A teacher used the following activity to convince one of his elementary school students that 1 is not a prime number. Using colored tiles he designated the follow. ing values for the first few primes: a red tile is worth 2; a yellow worth 3; blue worth 5; and green worth 7. He then asked the student to select a few tiles and calculate the product of their values. The student's product was 90 and the teacher, without seeing the tiles, was able to determine that the student had 1 red tile, 2 yellow tiles, and 1 blue. (a) How did the teacher know these were the tiles the student selected? (b) Explain by giving examples why it is not possible to determine the numbers and colors of tiles if 1 is considered to be a prime number and assigned a colored tile.

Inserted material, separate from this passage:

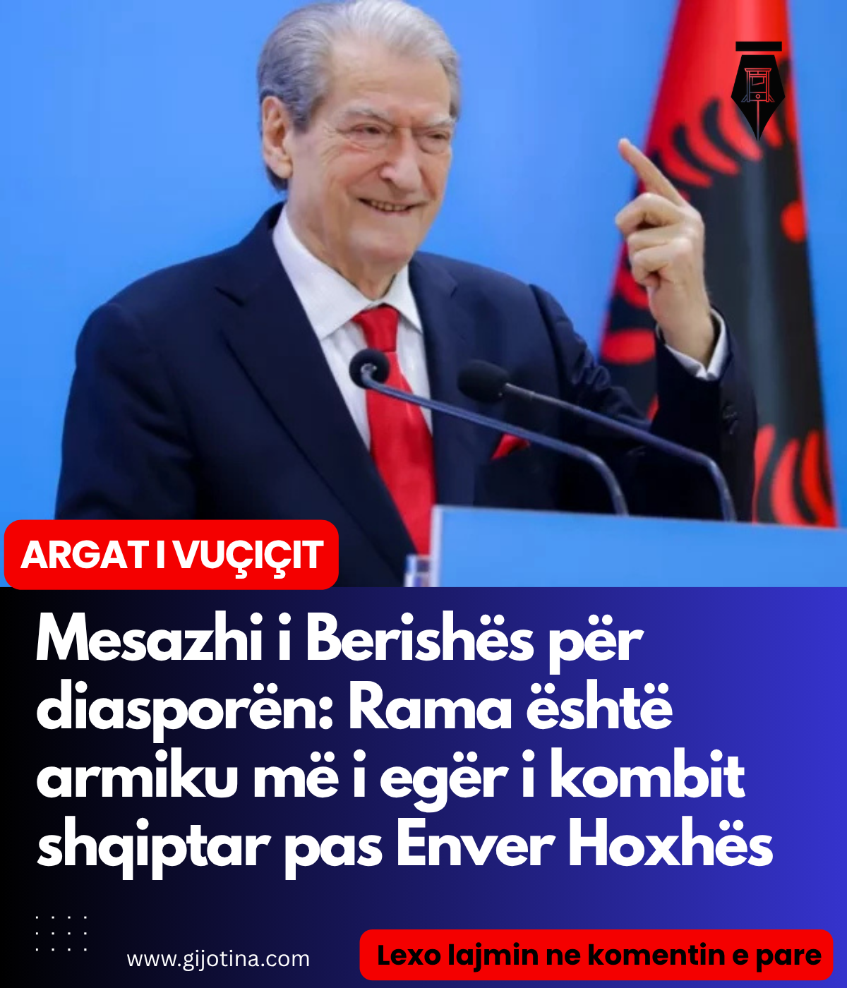Dje tha se shpata e drejtësisë është në zyrën time, ta kuptojnë mirë partnerët tanë se çfarë drejtësie ka Shqipëria. Ai është famzi, me ato që bën me Lubi Ballukun si te legjenda, ata shkojnë si binom hajdutësh të cilët i garantoj se së shpejti do marrin atë që meritojnë nga qytetarët shqiptarë”, tha Berisha.

(a) The teacher knew that the student had selected 1 red tile, 2 yellow tiles, and 1 blue tile because the product of their values, 2 x 3 x 3 x 5, equals 90. Since each yellow tile is worth 3, having 2 yellow tiles gives a product of 3 x 3 = 9. Multiplying this by the value of the blue tile, 5, gives a product of 9 x 5 = 45. The red tile, worth 2, when multiplied by 45, gives a product of 2 x 45 = 90, which matches the product the student calculated. Therefore, the teacher could conclude that the student had selected 1 red tile, 2 yellow tiles, and 1 blue tile.
(b) If 1 is considered to be a prime number and assigned a colored tile, it would not be possible to determine the number and colors of the tiles based solely on the product. This is because the product of the tile values would remain the same regardless of whether 1 is included or not. For example, if 1 is assigned a red tile (worth 2) and we have 1 red tile, 1 yellow tile (worth 3), and 1 blue tile (worth 5), the product would be 2 x 3 x 5 = 30. However, if we remove the red tile (representing 1) and have only 1 yellow tile and 1 blue tile, the product would still be 3 x 5 = 15. Thus, the product alone would not provide enough information to determine the specific numbers and colors of the tiles if 1 is considered prime.